### What you have to do
These records contain pictures, which must be left out; copy exactly the lines from the one with "Offrez-vous une laisse" up to and including the one with "But Whisper has".

### Entries shown
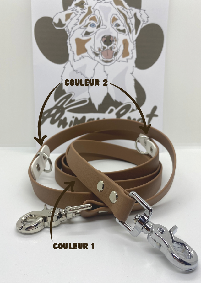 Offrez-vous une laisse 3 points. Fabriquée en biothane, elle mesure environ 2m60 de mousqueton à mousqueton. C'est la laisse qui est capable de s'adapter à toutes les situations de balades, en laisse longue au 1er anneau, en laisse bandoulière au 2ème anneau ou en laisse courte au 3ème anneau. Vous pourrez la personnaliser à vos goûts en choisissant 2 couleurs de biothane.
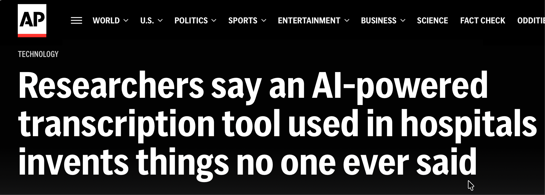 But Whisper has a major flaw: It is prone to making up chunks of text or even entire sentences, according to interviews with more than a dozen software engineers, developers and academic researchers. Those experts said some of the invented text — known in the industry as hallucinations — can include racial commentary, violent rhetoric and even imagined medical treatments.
---
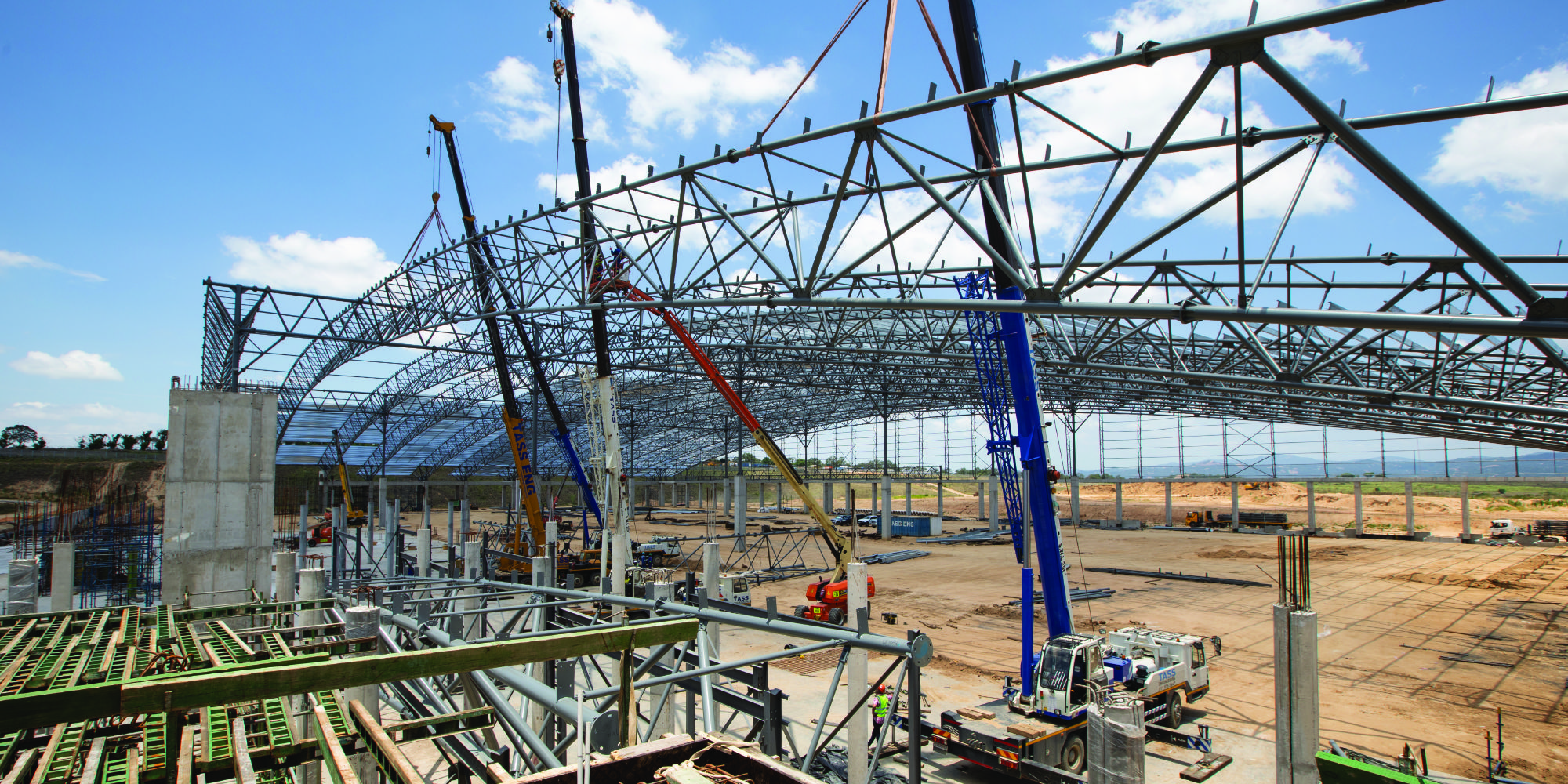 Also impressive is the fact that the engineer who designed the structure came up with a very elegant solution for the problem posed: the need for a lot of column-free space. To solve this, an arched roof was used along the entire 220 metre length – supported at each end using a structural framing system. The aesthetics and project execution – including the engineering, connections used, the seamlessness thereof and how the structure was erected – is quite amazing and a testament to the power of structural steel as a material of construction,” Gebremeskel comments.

### Written solution
 Offrez-vous une laisse 3 points. Fabriquée en biothane, elle mesure environ 2m60 de mousqueton à mousqueton. C'est la laisse qui est capable de s'adapter à toutes les situations de balades, en laisse longue au 1er anneau, en laisse bandoulière au 2ème anneau ou en laisse courte au 3ème anneau. Vous pourrez la personnaliser à vos goûts en choisissant 2 couleurs de biothane.
 But Whisper has a major flaw: It is prone to making up chunks of text or even entire sentences, according to interviews with more than a dozen software engineers, developers and academic researchers. Those experts said some of the invented text — known in the industry as hallucinations — can include racial commentary, violent rhetoric and even imagined medical treatments.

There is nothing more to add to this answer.